TUESDAY, Aug. 29, 2017 (HealthDay News) — A novel genetic variant has been identified in the IGF2 gene among a Latino population that is associated with reduced risk for type 2 diabetes (T2D), according to a study published online Aug. 24 in Diabetes.
Josep M. Mercader, M.D., Ph.D., from the Broad Institute of Harvard and Massachusetts Institute of Technology in Cambridge, and colleagues analyzed and replicated genome-wide protein coding variation in 8,227 individuals with T2D and 12,966 individuals without T2D of Latino descent to identify common or rare genetic variation with potential therapeutic implications.

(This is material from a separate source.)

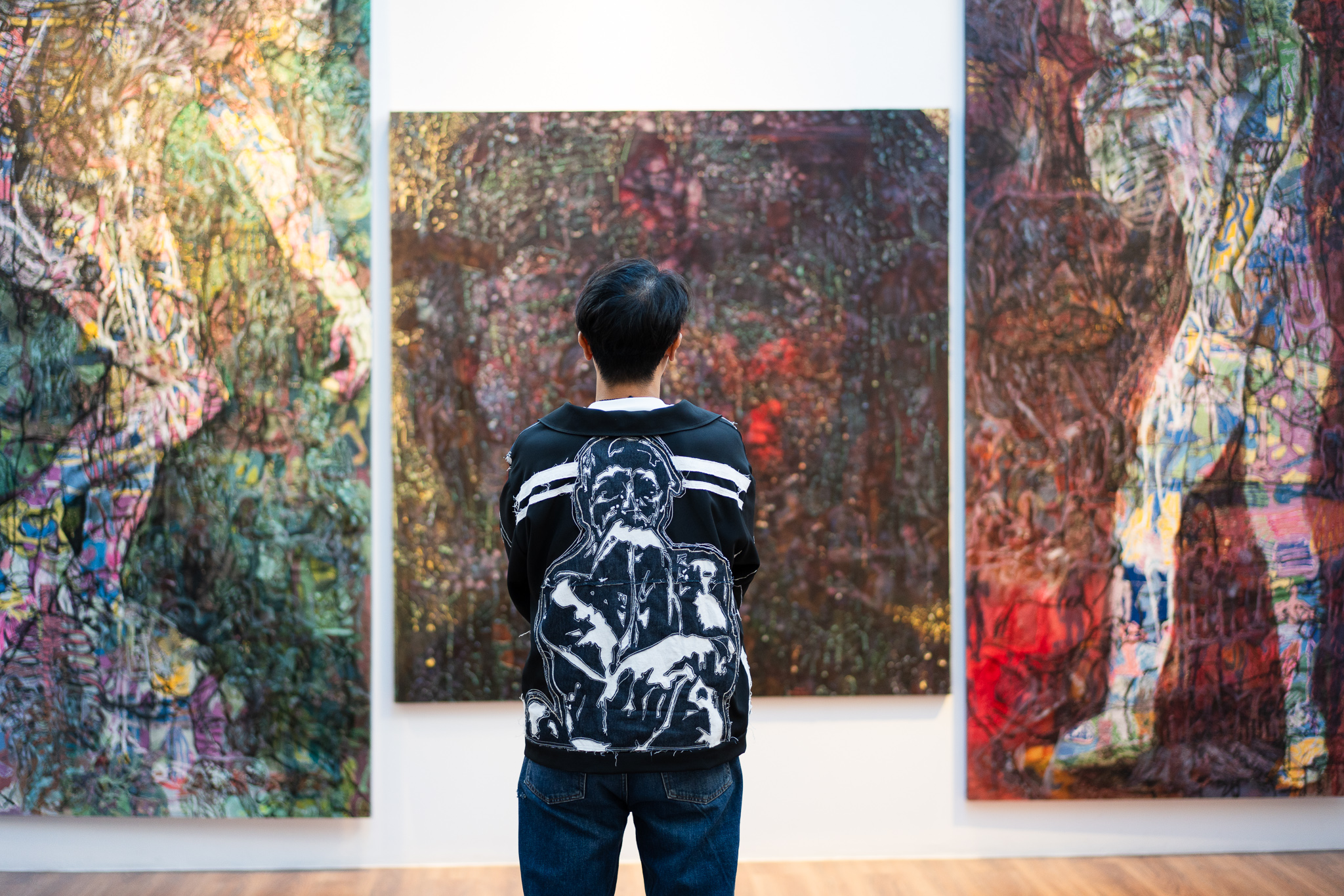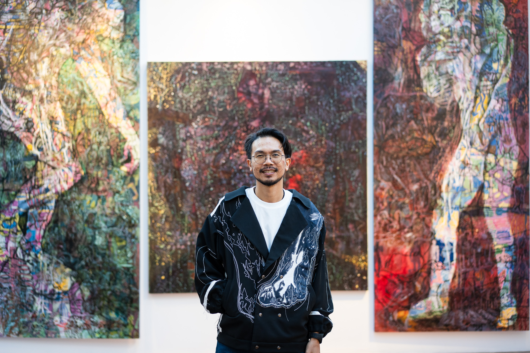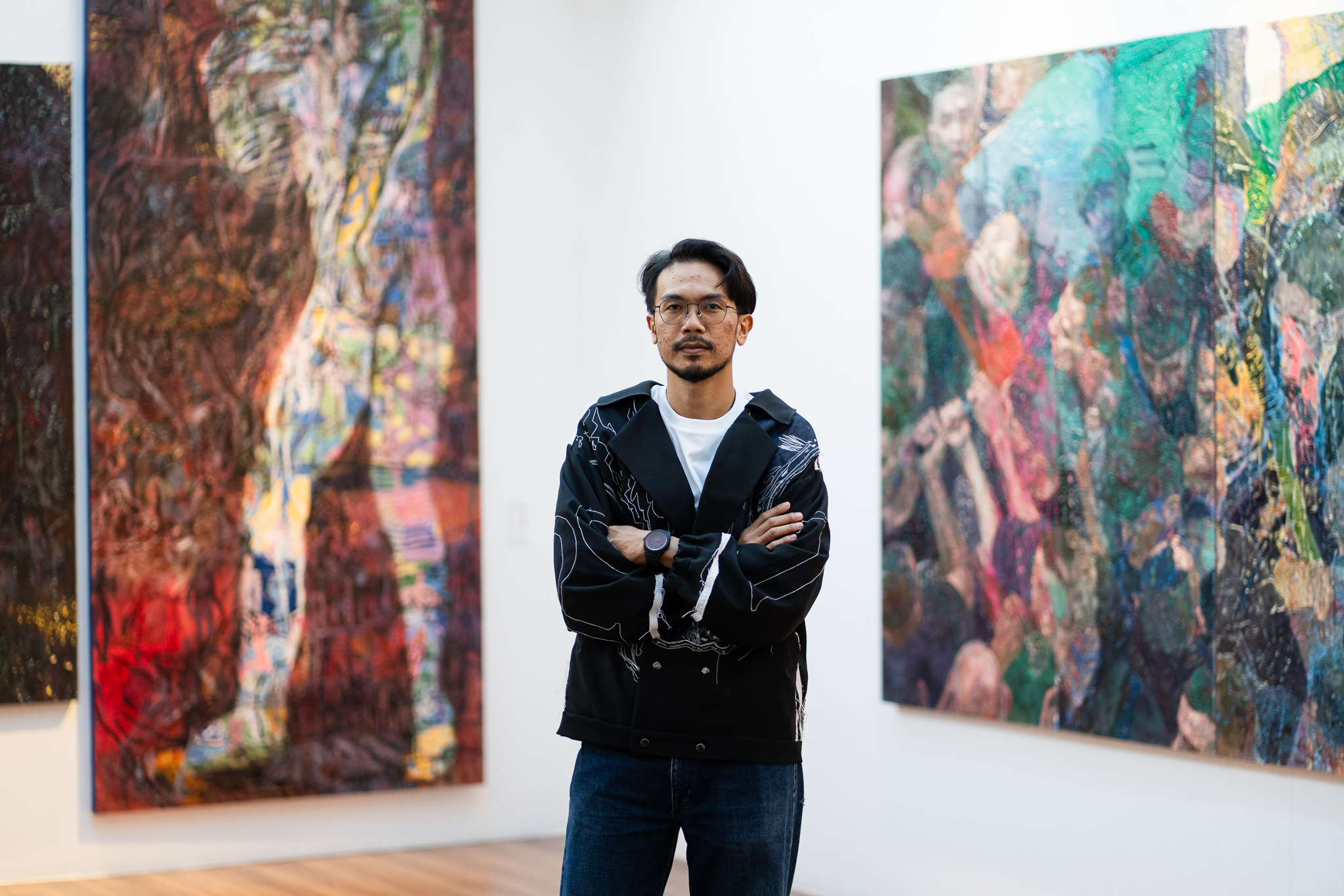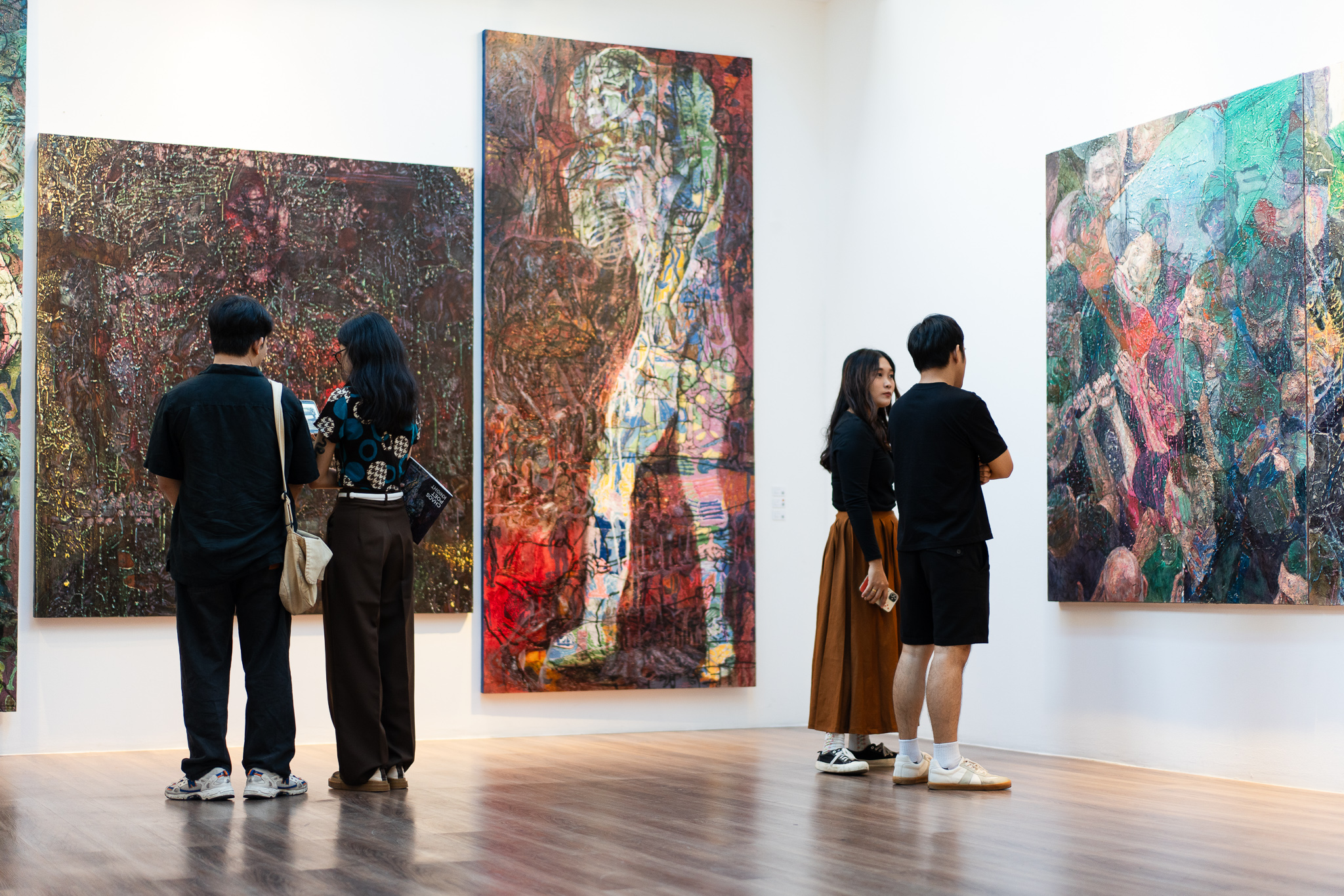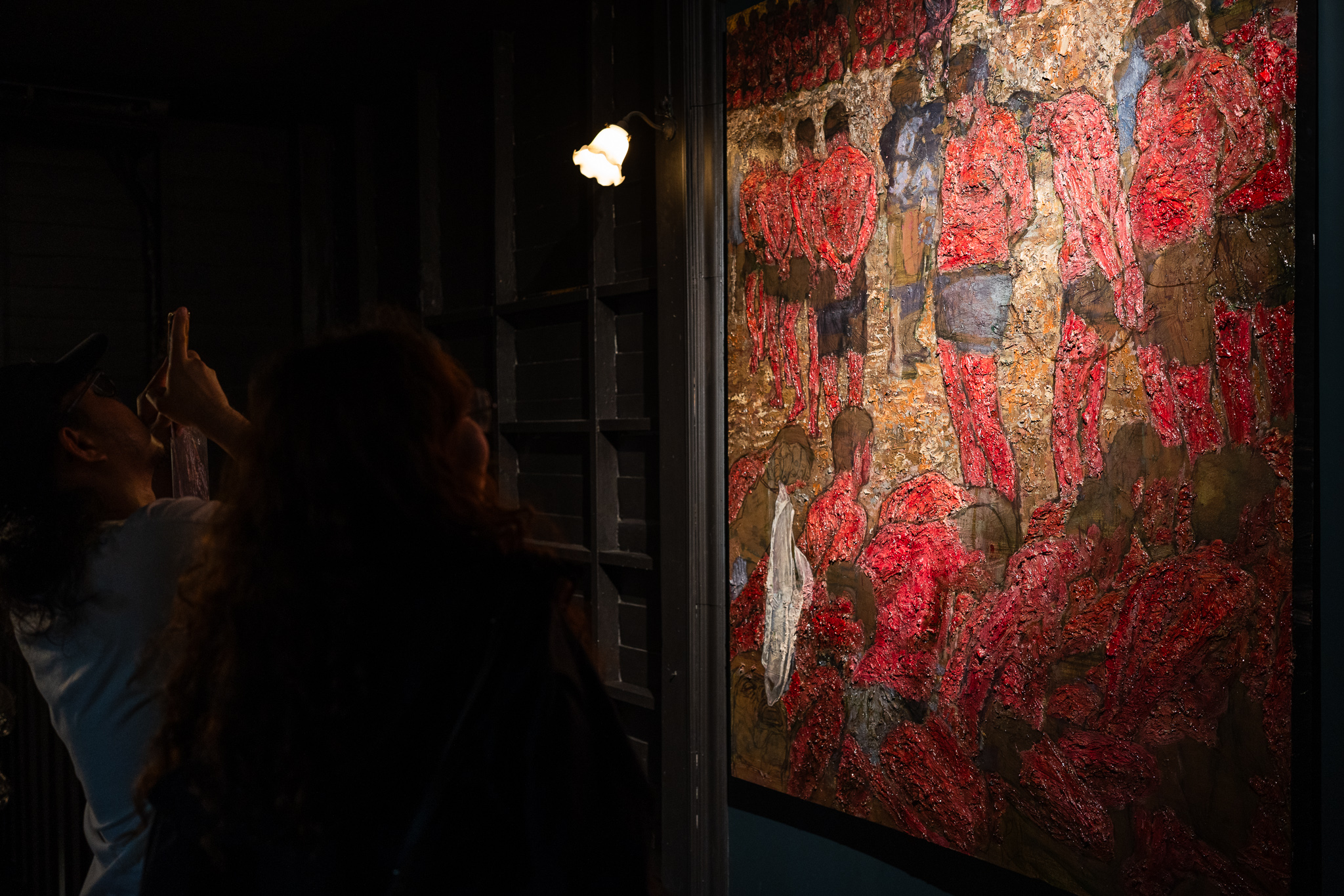 The solo exhibition "Chaos Poet Knight" by Arnont Lertpullpol, presents the hypothesis that chaos in society is a "state" caused by system imperfections, rather than a "designed structure" intended to maintain controllers' power. Arnont reinterprets symbols from Auguste Rodin's paintings The Gates of Hell and The Poet, which depict contemplation of sin and judgment in the afterlife, in the context of today, where "the gates of hell" represent a violent, war-torn, and corrupted human world. The Poet is not just a seeker of wisdom in this case, but also a "manipulator" who observes the misery of others with cold eyes. By conveying the perspective of "those affected" through a creative process that reveals the imperfections of both painting and morality, drawing from contemporary photographs and videos, and employing techniques such as scratching, sanding, thick impasto painting, and layering images, the works create surfaces that reflect the weight and density of social structures. Partially deleting and blurring images calls into doubt the truth, which is picked and altered by power. By revealing some layers of paint while concealing others, each piece contains a trace of concealment and revelation that coexists continuously. The pieces also incorporate pictures that imagine and forecast the grave implications of such buildings persisting.

The researchers identified a novel genetic variant in the IGF2 gene associated with about a 20 percent reduction in the risk for T2D. This variant prevents splicing between IGF2 exons 1 and 2 and has an allele frequency of 17 percent among the Mexican population and is rare in Europe. In vitro and in human liver and adipose tissue the variant correlated with a specific, allele-dosage dependent decrease in IGF2 isoform 2 expression. Expression of IGF2 isoform 2 in adipose was positively associated with incidence of T2D and increased plasma glycated hemoglobin in individuals without T2D among those who do not carry the protective allele.
“These findings suggest that reducing IGF2 isoform 2 expression in relevant tissues has potential as a new therapeutic strategy for T2D, also beyond the Latin-American population, with no major adverse effects on health or reproduction,” the authors write.
One author disclosed financial ties to the pharmaceutical industry.